Tetration and its inverse to various exponents I've recently seen in my studies tetration, or the next operation in the addition, multiplication, exponentation... series. I've also heard much discussion about how to extend this operation to "heights" (that is, the number of times to which the exponentation is repeated) other than the natural numbers. 
Now given that I've had not much higher math experience (pretty not much farther than real analysis) and I might very well be oversimplifying things, but my question is: why can't we define fractional 'heights' like we do with exponents?
If $x$ is any base, then $\displaystyle x^{1\over 2}$ is ${\rm sqrt}(x)$. Similarly, why can't $\displaystyle {}^{1\over 2}x$ be its inverse, ${\rm ssrt}(x)$ (I will use  ${\rm ssrt}(x)$ as its inverse and  ${\rm scrt}(x)$ for the inverse of tetration with height $3$). It also works for expressions like $5\over 3$: ${}^{5\over 3}x = {}^{5}{\rm scrt}(x)$. As for irrational numbers, well I guess that's another story, just like it is for exponents.
 A: If you write an operator-notation for your function $f(x)$ say the operator $E$ for the exponential-function, such that $$ \exp(x) = E \circ x  \qquad \qquad \text{and} \\ \exp(\exp(x)) = E \circ E \circ x \qquad \qquad \text{ and } \ldots $$ then tetration of a certain height $h$ must be written as $$ \exp^{\circ h}(x) = E^h \circ x $$  and the question is, whether or how we could invent/understand an operator and even a power of an operator.

1.
Now one idea to implement an operator for analytic functions (which have a power series with nonzero range of convergence) there is the concept of "Carleman"-matrices (see wikipedia) which is construed for the manipulation of the coefficients of the (formal) power series.
With that you need thus the concept of powers and even of fractional powers of matrices.
For instance for rational/linear functions $f(x)$ the Carleman-matrix is nearly trivial: a 2x2-matrix, of which you can then define a fractional power using diagonalization or logarithmization very simply. And this can even be understood and done by any amateur.     
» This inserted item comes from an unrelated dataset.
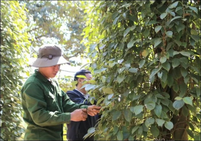 | Người nông dân tỉnh Đắk Nông thu hoạch tiêu. Ảnh: congthuong.vn |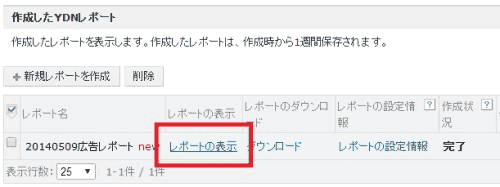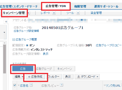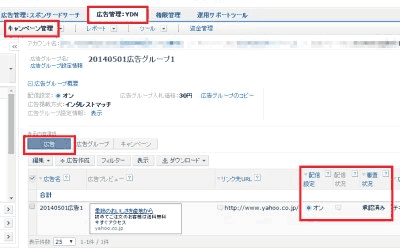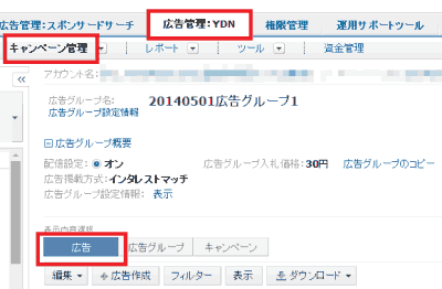 - 「広告管理:YDN」タブ、「キャンペーン管理」の順にクリックし、「表示内容選択」で「広告」ボタンを押す

However, the inverse function, say to find the height of a tetrations needs to find the exponent for the Carleman-matrix which would have iterated $x$ to $x_h$ (the h'th iteration of the function). Here the logarithm of a matrix becomes involved... 
For general functions the matrices become of infinite size and it is non-trivial to define meaningfully fractional powers of such matrices. Accepted solutions are so far when the infinite Carleman-matrix is lower triangular (which means the powerseries of the function $f(x)$ has no constant term and has thus a fixpoint at zero).      
For the exponentiating this is exceptionally difficult because also the inverse (the logarithm) is multivalued and the exponential-function has no real fixpoint.   

2.
Another perspective is that of the "Schröder-function" which can intuitively be seen as an analogon to the log/exp-function for fractional iteration of the multiplication. If we ask for the fractional height of iterated multiplication with a certain base $b$, say $$f: x_1 = b \cdot x_0 \qquad \qquad \text{ and } \\ f°^2 : x_2 = b \cdot b \cdot x_0   \qquad \qquad \text{ and } \\ f°^h : x_h = \underset{ h \text{-times}}{\underbrace{b \cdot b \cdot b \cdot \ldots b \cdot} } x_0$$ then $h$ is the "height" of iterated multiplication. To find the iterated multiplication with a fractional height 
$ x_h = f°^h(x)  = b^h \cdot x_0$ we use the pair of log/exp-function in the following way. First there is a constant $u_b$ defined with the "base" $b$ (in the context of multiplication ) such that $u_b=\log(b)$. Then we write:
$$ x_h = \log°^{-1}( u_b \cdot h + \log(x_0))  $$
$  \qquad \qquad \qquad $ (where of course $\log°^{-1}(x)$ means $\exp(x)$) 
For the question of the inverse: determine, which height $h$ is required to iterate from $x_0$ to $x_h$ by multiplication with base $b$ ? we  employ the $\log$ for both $x_0,x_h$ and thir height-difference is then linear in h:
 $$ \operatorname{hgh} : h = {\log(x_h) - \log(x_0) \over u_b }$$
Similarly there exists the "Schröder-function" which is used in a roughly analoguous way. For a base $b$ in connection with the function-iteration there is some constant $u_b$ defined, which after transformation of the initial value $x_0$ the h'th power of $u$ leads to the $h$'th iterate. We have for the h'th iteration
$$ x_h = \operatorname{Schröder}°^{-1} ( u_b^h \cdot \operatorname{Schröder}(x_0))  $$
(we might say, the $\log$ is the Schröder-function for the iteration of multiplication, while the Schröder-function for the iterated exponentiation has not yet a name). 
You can read more on Schröder-functions in the wikipedia; possibly this concept is even nearer to the focus of your question than that of the Carleman-matrices although I found the Carleman-matrices easier to understand (even I arrived at this incidentally by my own fiddling with powers of matrices...)